‘Georgian Drug Control System Needs Reform’
- Anti-drug agencies lack coordination;
- Visa-free rules with Iran may lead to more drug trafficking;
Georgia, whose drug control system is “in need of reform”, is becoming “a major transit corridor” for drug trafficking, according to the U.S. Department of State’s annual International Narcotics Control Strategy Report covering 2010.
Transit Routes
It says that one major drug route runs from Afghanistan and Iran through Azerbaijan and on to Western Europe and Russia and drugs are also transited through Georgia to Western Europe from Greece and Turkey.
A long haul cargo trucks are believed to be one of the major means for drug smuggling through Georgia, according to the report. It says that in 2009 law enforcement agencies in European countries have intercepted “seven to eight tons of illicit narcotics in long-haul trucks that had at one point passed through Georgia.”
According to the report some arrangements for Europe frustrate drug control in Georgia, including the rule according to which customs officers may only inspect a long-haul truck under custom’s seal in the presence of the owner or his representative, which limits vehicles’ inspection possibilities.
“Rules and regulations that unnecessarily hinder the legitimate inspection of cargo should be reviewed and revised,” the report says.
The report warns that visa-free agreement with Iran, signed by Georgia in November 2010, may “lead to still more drugs entering Georgia” if appropriate inspections and checks are not enforced.
“This seems likely as up to 40 percent of Afghan opiates pass through Iran. Smuggling of these opiates is a problem now along all of Iran’s borders to the South, West and North, so there is good reason to fear that easier passage between Iran and Georgia could invite traffickers to try the ‘new’ route,” the report reads.
According to the report there are “speculations” that drugs flow through Georgia’s breakaway regions of Abkhazia and South Ossetia, but his information “cannot be verified as there is little or no exchange of information on drug trafficking between the Russian occupying forces or the de facto governments of these territories and the Government of Georgia.”
‘Lack of Coordination’
The Georgian government has made combating the drug problem a priority, but “lack of coordination” between the agencies involved in drug-related issues “complicates achieving this goal,” according to the report.

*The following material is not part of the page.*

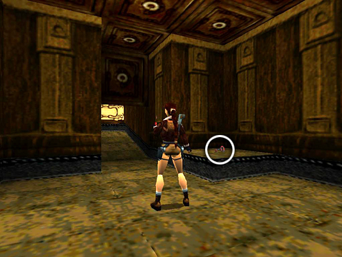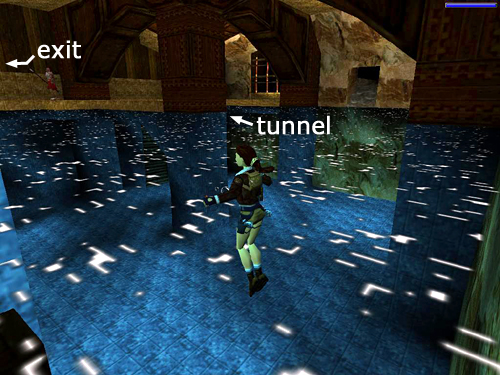 POOL WITH STRONG CURRENT: At the top of this hallway is a room with a pool. Save the game in the doorway. Then dive in and swim along the right wall, then the far wall, then into the small opening near the far left corner. Or, hang from the edge of the doorway, drop into the water and swim along the near wall, then the left wall, then the left side of the far wall to the opening. This way is a little longer but the current is not as strong on the far side of the room. (screenshots) As you swim along the edge of the pool, it's crucial that you stay near the wall and not swim too close to the surface or the bottom; otherwise the strong current will draw Lara toward the grate at the bottom of the pool and she'll drown.

It says that the U.S. encourages solving this problem through development of an interagency task force model.
The report says that Georgia’s system for drug control “is in need of reform” with “the first and most pressing gap” involving absence of a detailed specific anti-drug national action plan.
Georgia adopted Anti-Narcotics National Strategy in 2007, but, according to the report, it now lacks specifics to guide the strategy’s implementation.
“Coordination among institutions involved in drug related issues is also a problem,” the report reads. “There is a lack of systemic drug preventive measures; treatment methods are developed with little or no attention given to social rehabilitation following detoxification. Information about dangerous drugs is inadequate, and statistics about drug use are limited and unreliable. Current national legislation does not conform to UN drug conventions’ requirements.”
The Special Operations Department (SOD) at the Ministry of Internal Affairs is the main body in charge of counternarcotics. The report notes that in 2010 a new head of the SOD was appointed and staff at SOD’s counternarcotics unit reshuffled “as a preemptive measure against drug-related corruption.”
Erekle Kodua, who was head of SOD, was moved to the post of head of criminal police department in April, 2010 and Devi Chelidze, who previously served as head of the criminal police, replaced Kodua.
“There have been no serious allegations that the new counter narcotics unit in the Ministry of Internal Affairs has engaged in corrupt behavior,” according to the report.
The report also raises the issue of drug-related legislature. The current law does not provide differentiated approach to various drug-related offences and possession of very small amounts of certain drugs would mean prosecution for intent to distribute as a drug dealer. The report says that such approach has given rise to a movement to change Georgia’s drug possession laws, but the legislation initiated in the Parliament in 2008-2009 “remains stalled”.